Cheyenne author, artist and singer (1912–2003)

Bertha Blackbeard Little Coyote (February 3, 1912 – February 2, 2003) was a Cheyenne author, artist, and singer from Oklahoma, United States. She was known for her book, Leaving Everything Behind, which described her history at an Indian boarding school, as well as her participation in music, lyricism and moccasin art.

==Biography==
Bertha Blackbeard Little Coyote was born on February 3, 1912, in Canton, Oklahoma, at the Cantonment. Her Indian name was E-no-ze, which means "sunset".

She attended Cantonment Boarding School from 1919 to 1925.

Her recordings of traditional Southern Cheyenne songs have been influential in understanding elements of Cheyenne culture and preserving the historical record. Her vocal and lyrical interpretations of Cheyenne and Christian songs are significant contributions to ethnomusicology.

Additionally, her artistry in beadwork and moccasins has been recognized. She attended the 1970 Smithsonian Folklife Festival in Washington, D.C., and spoke on a panel about Native American crafting traditions.

Little Coyote was selected as the Outstanding Cheyenne Indian Lady by the Federation of Oklahoma Indian Women.

She served as Community Health Representative for Seiling, Canton and Longdale, Oklahoma. She was the chairperson of the Fellowship Committee for the Western District of Oklahoma Mennonite Indian Churches.

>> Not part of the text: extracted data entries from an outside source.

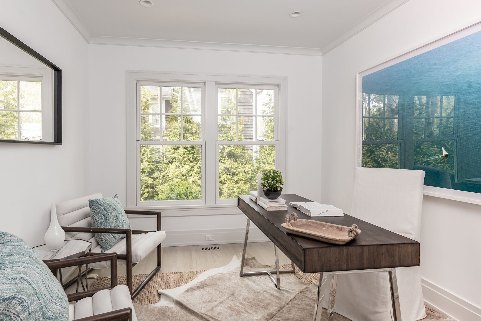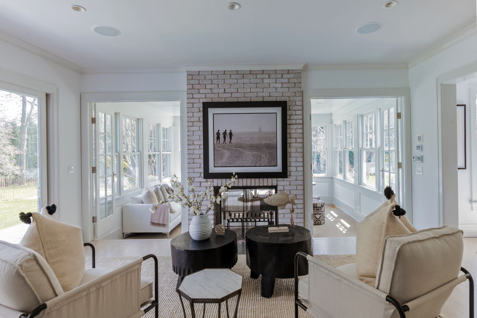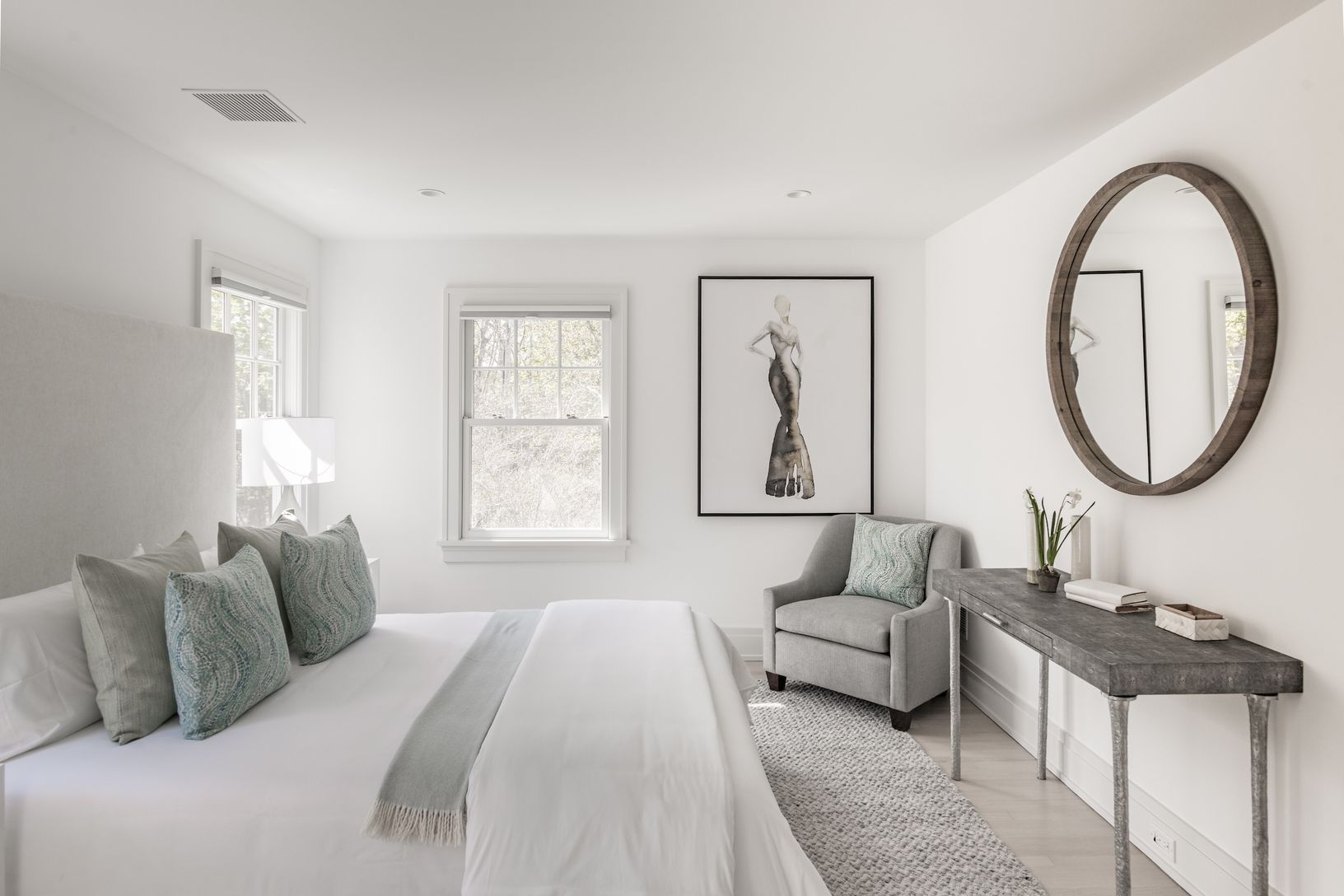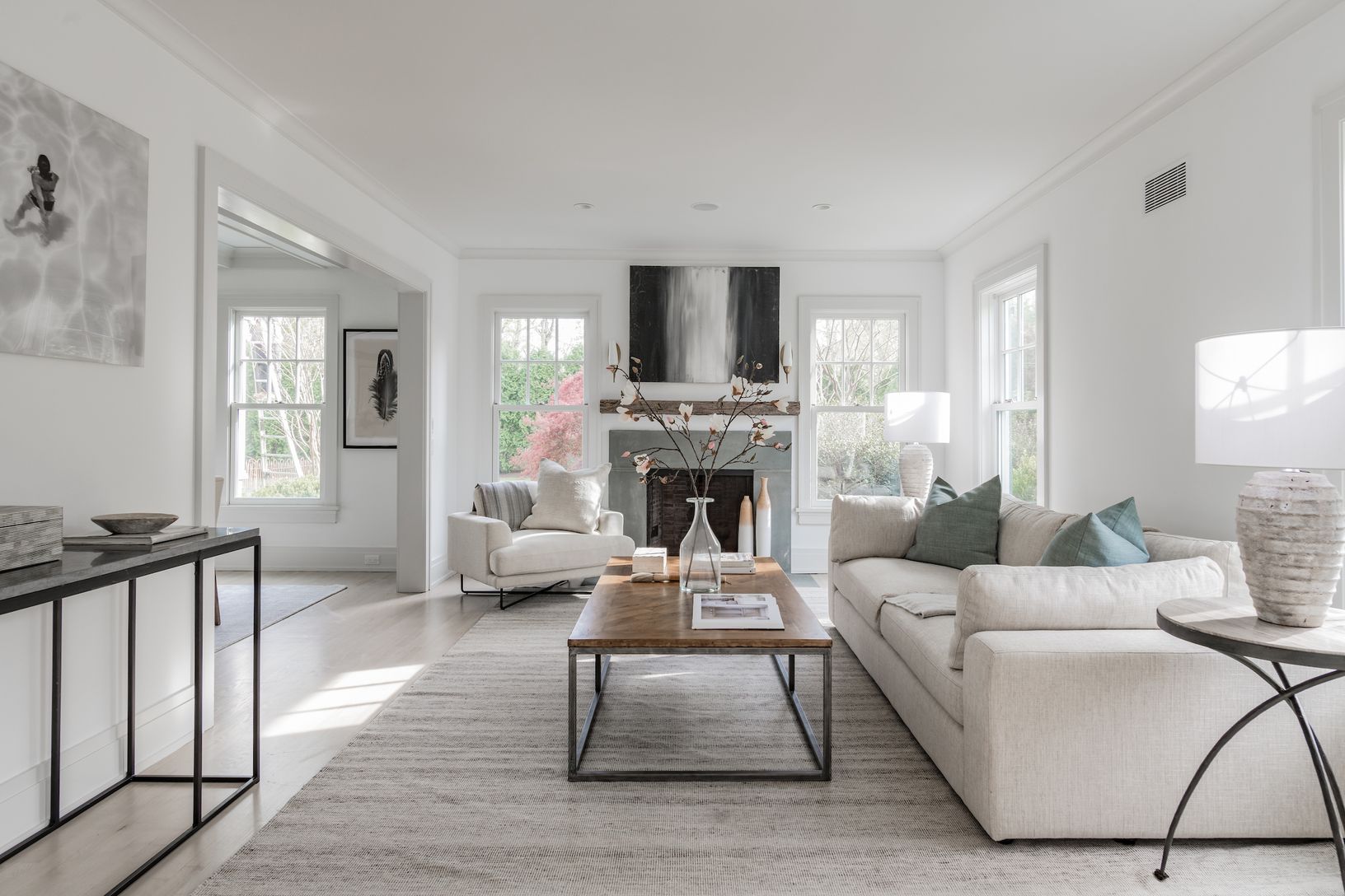 Minutes from Sag Harbor Village, Zen-like landscaping envelops this peacefully secluded, recently renovated, 4,250 square foot, 5-bedroom traditional with a heated, gunite, salt water pool set on a half acre. An open floor plan allows for easy flow between the gourmet eat-in kitchen, sitting area with fireplace, formal dining room, great room with fireplace, and the lovely outdoor spaces, including the mahogany dining deck and bluestone patio.
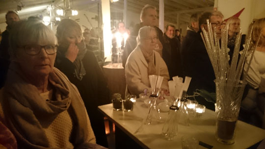 Mange af de fremmødte var gengangere fra de foregående år, og påskønner den smukke og stemningsfyldte oplevelse, hvor refleksioner fra stearinlys danser på alle glasoverflader, så det sitrer i den tidligere hønsefarm ved Melsted med udsigt over Østersøen til Christiansø.
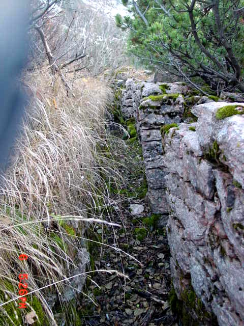 Ulrich Mößlang der Tauchbrillenspezialist Uli Mößlang / Volker Jeschkeit Hinter der Batteriestellung beginnt jetzt der Hauptkampfgraben, der auf dem Grat des absteigenden Palon verläuft. Das Dickicht ist schon zu sehen, nach einigen Metern verschwindet der Graben darin. Mein Freund Arturo betrachtet aufmerksam die sauber geschichteten Natursteinwände des Grabens, Franco ist schon im Dickicht verschwunden. Dabei hat er sich die Daunenjacke zerrissen, wir hören ihn nur rufen und folgen der Spur weißer Daunen im Unterholz.

She was a strong advocate of education for Native children. She believed that teachers needed to establish trust with Native students to help them feel like they belong, and to listen closely to what the students have to say.

Bertha Little Coyote and Virginia Giglio published Leaving Everything Behind: The Songs and Memories of a Cheyenne Woman in November 1997. The book was dictated by Little Coyote about her life and memories, as well as songs and music, to Giglio who was a student of hers.

===Death and legacy===
Bertha Little Coyote died on February 2, 2003. She lived in Seiling, Oklahoma.